Angel is not a picture to openly ask such questions. Neil Jordan is happy enough to pose them and is rather more interested in allowing the visual narrative to carry Danny’s story along, his camera often capturing the faded bleakness of a world slowly being sundered, a world existing on the fringes of deeper existential violence. Danny is almost an avatar for such a dichotomy – he simultaneously exists in a virtuous, artistic world filled with music and song, while equally finding his hands immersed in the muck and mire of killing and retribution. He encapsulates what, at the time, must have felt like a never ending violent cycle in the Irish psyche.
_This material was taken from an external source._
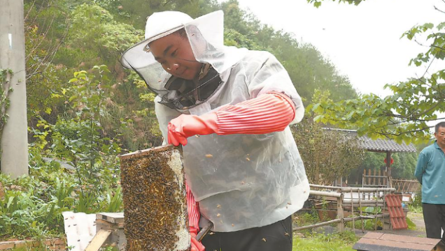 入夏以来,武平县万安镇石燎阁林下养蜂基地内,成群的蜜蜂在山林间嗡嗡飞舞,穿梭于繁花绿叶间采蜜。 蜂农身着防护服,轻手轻脚地掀开蜂箱盖,提起蜂巢板,仔细查看晶莹剔透的蜂蜜(如图)。抖蜂、割蜂蜡、摇蜜……一系列动作娴熟而有序,丰收的喜悦洋溢在每个人脸上。 “今年气候适宜,蜜蜂采蜜期长,产量、品质都比去年好。”万安镇蜂农王春晖介绍,今年他共养殖蜜蜂15箱,每到蜜蜂采蜜期就会把蜜蜂拿到石燎阁,每箱蜜蜂平均可产蜜10公斤,今年总产量预计可达150公斤。按照如今的市场价格,可增收1万多元,对比去年因持续降雨导致的“几乎绝收”情况,今年可谓是个丰收年。 “我们养殖的是适应性强的本土中华蜜蜂。”石燎阁蜂业有限公司总经理钟晚生高兴地介绍,“基地依托万安优越的生态环境和无污染的山林资源,加上当前百花盛开的丰富蜜源,所以产出的蜂蜜品质上乘,深受市场青睐,许多客户都是提前预订。” 基地所处的万安镇山林植被茂盛,蜜源植物种类繁多,为蜜蜂提供了绝佳的生存繁衍环境和优质“食材”。中华蜜蜂在采集百花酿造独特“百花蜜”的同时,也为山区植物授粉,成为维护当地生物多样性和生态平衡的重要“使者”。这种“绿水青山就是金山银山”的生动实践,让林下养蜂成为万安镇农户增收致富的绿色高效途径。 为做强林下“甜蜜事业”,钟晚生不断开发蜂蜜延伸产品,延长产业链。蜂蜜酒、蜂蜜绿茶、蜂蜜护肤品等十几种创新衍生产品广受市场欢迎。同时,他积极借助电商、直播、认养等模式拓宽销售渠道,推动武平生态蜂蜜品牌走向全国。 此外,钟晚生还精心打造蜜蜂科普基地,串联起养蜂体验、酿造观光、品鉴消费、研学旅游等环节,为游客提供全方位的“甜蜜”体验,形成“产业+文旅”融合发展模式。 近年来,万安镇通过发展蜂蜜、果蔬等特色现代农业,探索“合作社+农户+电商”模式,带动1000多户村民参与种养。目前,全镇已建成标准化蜂场42个,蜂群规模达2.3万箱,年产值占全县蜂产业的三分之一,成为乡村振兴的“甜蜜引擎”。 |
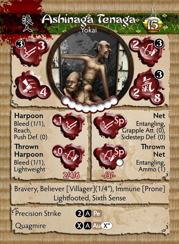 Ashinaga Tenagis are usually sited in streams or rivers and it seems that they have a deep connection with the water, able to commune with the water around them to turn the land into a sea of mud. These yokai, long a legend amongst the peasants of the Ro-Kan, exact motivations for joining the fray are unknown but they are a welcome boost to the morale of the villagers they appear to protect, their presence imbuing a sense of belief in the common people enabling them to fight harder in defence of the balance of Jwar. To look at them individually one would think that they lack any combat skill, but once combined, one astride the other, the pair are a tricky opponent. With a snaring net in one hand which they use to either entangle an enemy up close or from afar, in the other a diamond sharp fishing spear handled with great precision.

Not content to launch the career of Rea, the faith imbued in Jordan by Boorman and Channel Four, who significantly ponied up most of the budget, gave rise to a career which would eventually take Jordan to the heights of the Hollywood blockbuster with, arguably, his most famous film, Interview with a Vampire. We are over a decade away from such excess, however. 

Angel, while at times unnecessarily slow and ponderously introspective, is nevertheless an impressive shot across the bows from an oft-unheralded filmmaker. Icy and tough, encased inside an etherial awareness of its relationship to higher powers, Angel is a beginning, in more ways than one.

Angel is available on Amazon Prime Video in the UK.